In the last weeks I made progress on implementing using CuPy a number of functions found in QuTiP dev.major.
You can find a list of functions, the state they where found in in QuTiP and their currentstate in qutip-cupy here.
For most functions to be specialized creating tests was easy enough, it meant inheriting from the testing classes in the QuTiP module test.data.mathematics_tests, creating a random CuPyDense array generator ( line 10), registering it (line 17)and passing around the new specialization and its expected input and output class/types (line 24).
In some cases tests had to be built from scratch but we could still leverage the nice Mixins you can see in QuTiP tests.core.data.test_mathematics. This meant defining a proper naive NumPy implementation of the functionality we wanted to test. In this way the result of our own function specializations got checked against NumPy’s result. And one should pay attention that the inputs are suitable and span all edge cases.
For some special non-trivial specializations we tested with different implementations. We covered implementations using CuPy main functions directly, using functions from cupy.cublas that CuBLAS’ handles and using raw cuda kernels.
Expectation on kets
In the case of implementing expectation for states represented as kets , i.e. <state|op|state> , I tried out the following three different implementations
Notice that the last implementation passes the argument “H” which means taking the hermitian of the left array, the second function uses cp.vdot which does the same thing by default.
Ther results we obtained after benchmarking for random 1 dimensional kets and operators (square arrays) of compatible size can be seen in the next figure.
As the GPU timings are very similar here I referred to the CPU timings to make a final decision.
Checking if a matrix is hermitian involves checking that each item from thre transpose conjugates is equal up to a tolerance factor to the original matrix.
To do this I tried using a cuda kernels.
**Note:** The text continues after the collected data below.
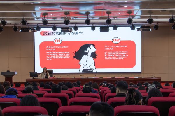 接着,成都市学生联合会驻会执行主席岳之杨围绕团学骨干责任担当与成长路径分享实践经验她从锚定青春航向、锻造硬核本领、升级团学引擎和无愧韶华出发,号召青年骨干聚焦主责主业,将个人成长融入学校发展与国家建设大局,在服务同学、奉献集体中锤炼自身能力,彰显新时代青年的责任与担当。
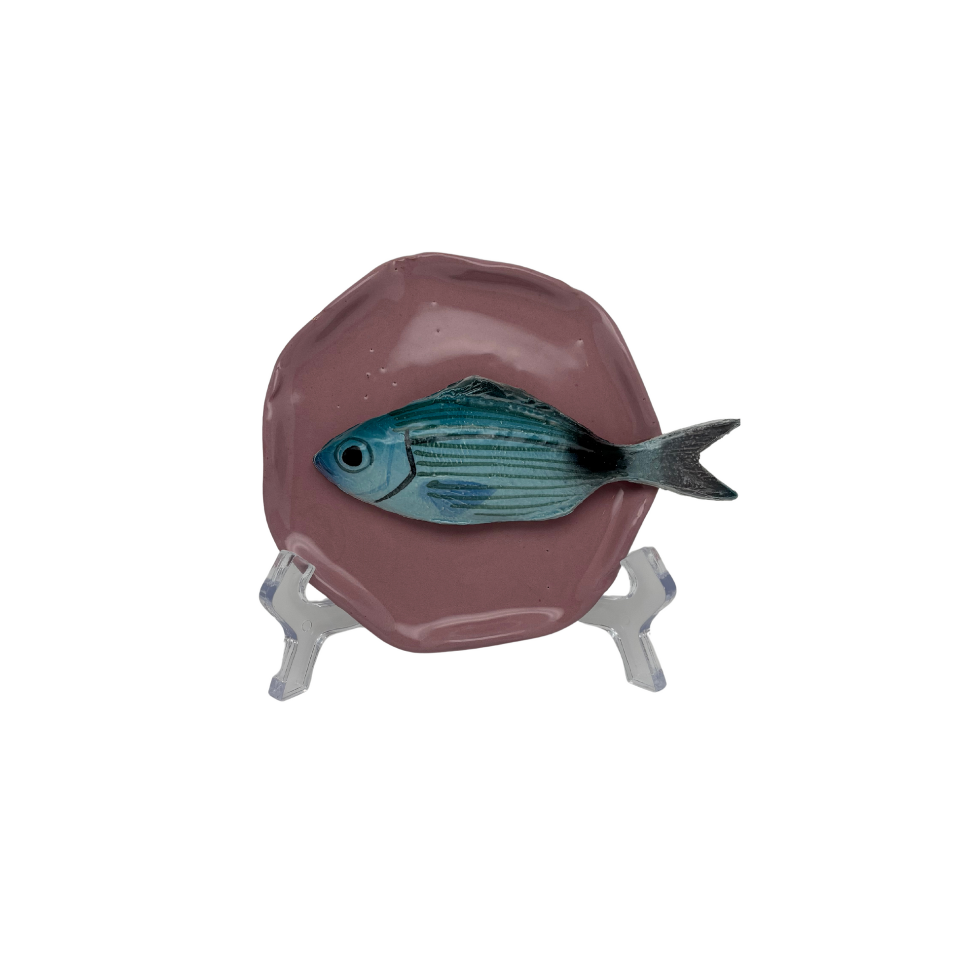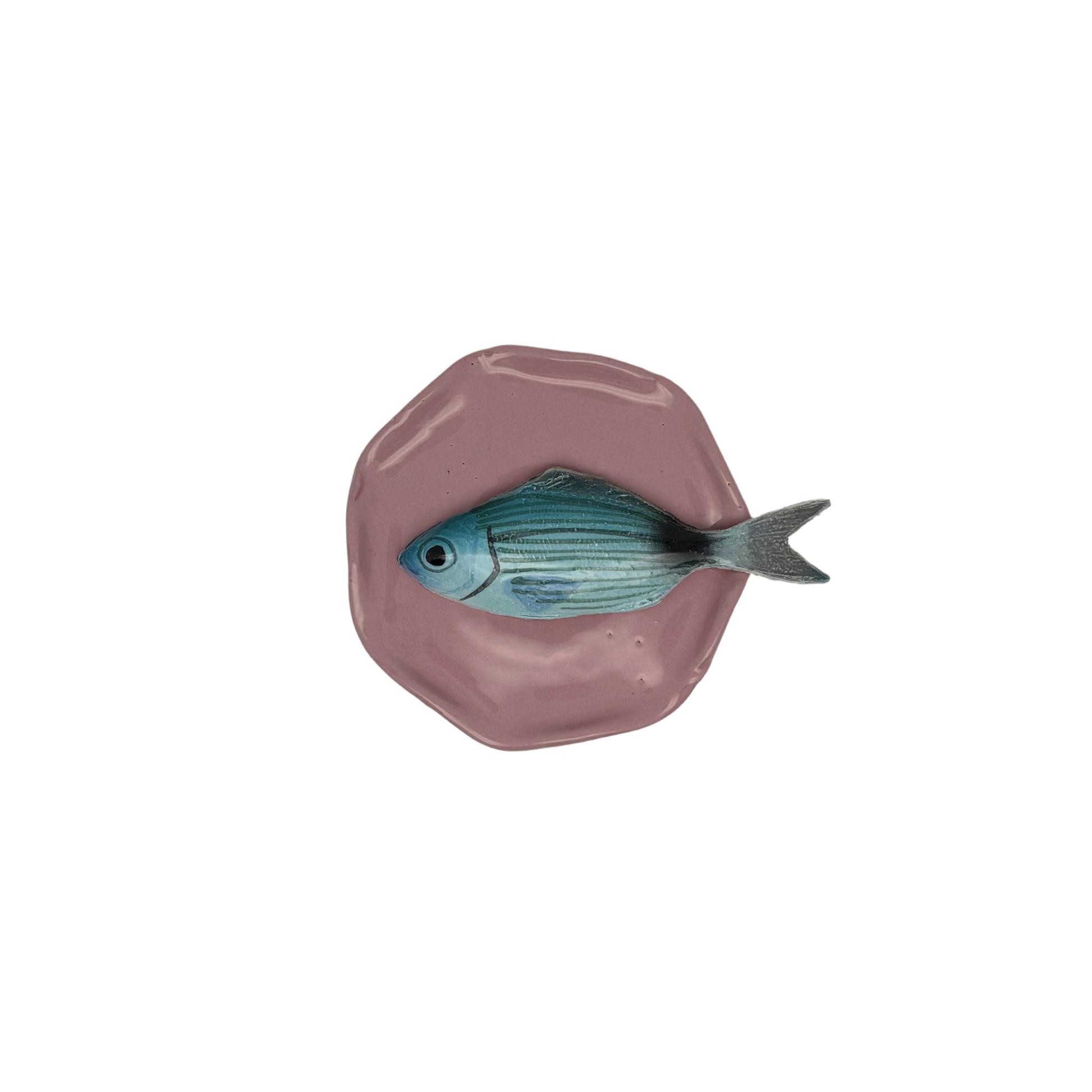 Occhiata piccolo op handgemaakt bordje lila/roze 11cm. Het bordje is niet rond maar hoekig. Aan de achterkant zit een ophanghaakje bevestigd en kan direct aan de wand gehangen worden.
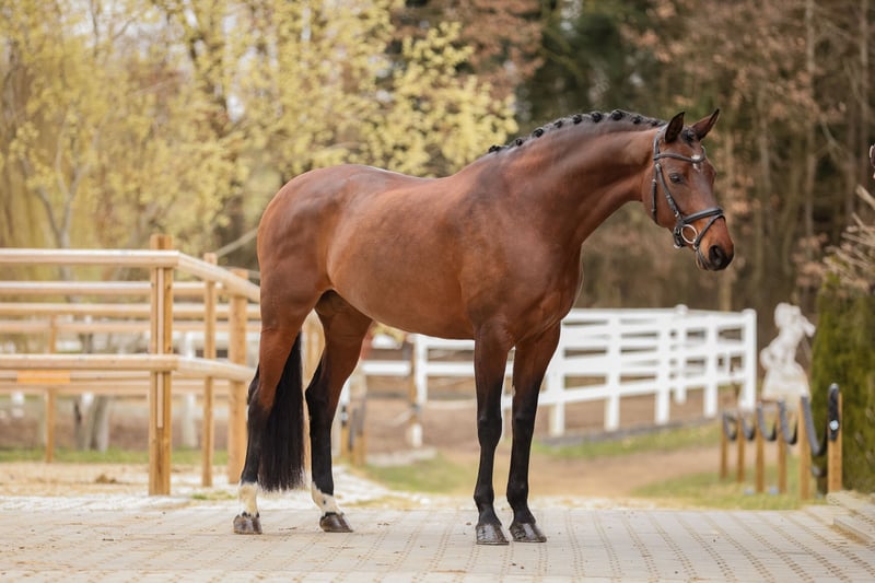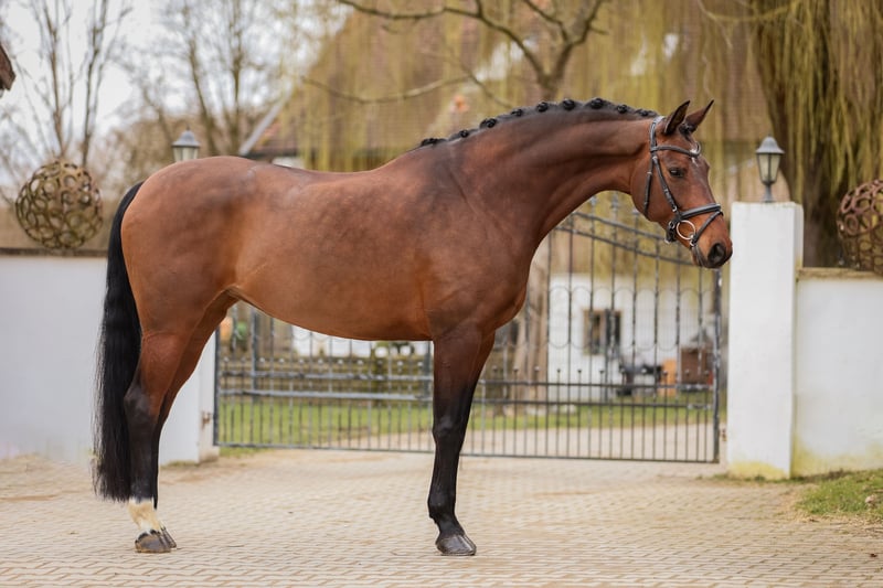 Participant of the Federal Championship with outstanding gaits and achievements up to S-level, seeking her soulmate. This beautiful, expressive 8-year-old mare boasts excellent movement quality and a temperament and rideability that make every ride enjoyable! Her dynamic movement combined with her absolutely sweet and friendly nature wins everyone's heart. Her wonderful character is complemented by numerous successes. In 2021, she placed among the top five at the Federal Young Mare Show for 3-year-olds and at the Federal Championship for 3-year-old riding horses. She is already successful and highly placed in dressage competitions up to S-level with high scores. Additionally, she is herd-friendly, shoe- and loading-trainable. An absolute heart horse, eager to meet her soulmate and find a loving forever home. A dressage horse for the highest demands and ambitions. Visit our Instagram page @unicornhorsesofficial for behind-the-scenes insights and more videos of D’Vika. For inquiries, please contact us at: +49 176 20174499
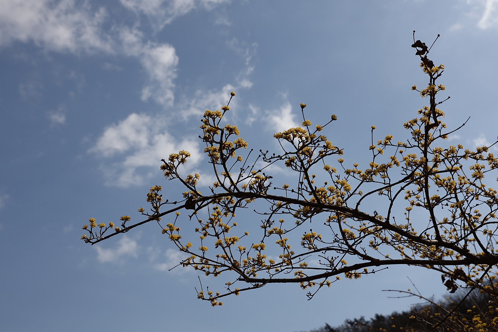 울산시 근교의 야산 자락에서 본 산수유입니다.
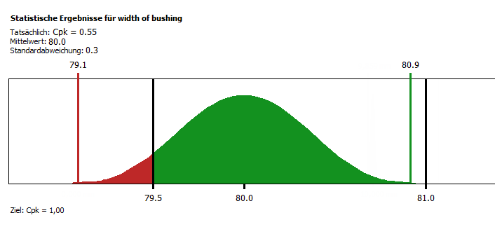 - Die Zahlen über dem Diagramm stellen die oberen und unteren berechneten Grenzwerte der Kurve auf dem gewünschten Qualitätsniveau, das unter dem Diagramm aufgeführt ist, dar, in diesem Fall ist dies ein Cpk-Wert von 1.0.

The key word in the past definition is each, if we distribute the computation among different threads in a cuda kernel, they will make computations in an asynchronous fashion ( as long as they do not belong to the same warp) . Which means that two different threads may try to update the output at the same time and you enter into a race condition, thread1 reads current output, thread20 reads the output, thread1 computes and updates, but thread 20 computes on the original value and updates opoutput without ever seeing thread1's update. A solution to this is to use atomic operations which “serializes” the updates.
Atomic operation vs. cupy reduction
A better way to do this is use a reduction routine, instead of writting my own Cuda reduction kernel I relied on CuPy’s .all() . You can see the difference for yourself in the next plot.
But improvements did not finish there, we could obtain better result by just checking the upper triangular region of the matrix. Additionaly by taking care of balancing the loads between threads, ensuring that contiguous threads load contiguous memory, and switching to a 1D-block kernel, we got additional improvements.
Notice that the improvement we get is around two orders of magnitude.
In the future we can think of reimplementing some other functions as cuda kernels, for example the diags_cupydense creator.
For the last week I am focusing on getting documentation to look right, although it will probably not be possible to have the documentation build on ReadTheDocs becuase of our dependences, it is built each time as part of our CI as an artifact and we can get it from there.
Equally important is taking time to describe the functionality and documenting all the pending improvements I want to do but did not have time so that the work can be continued in the future.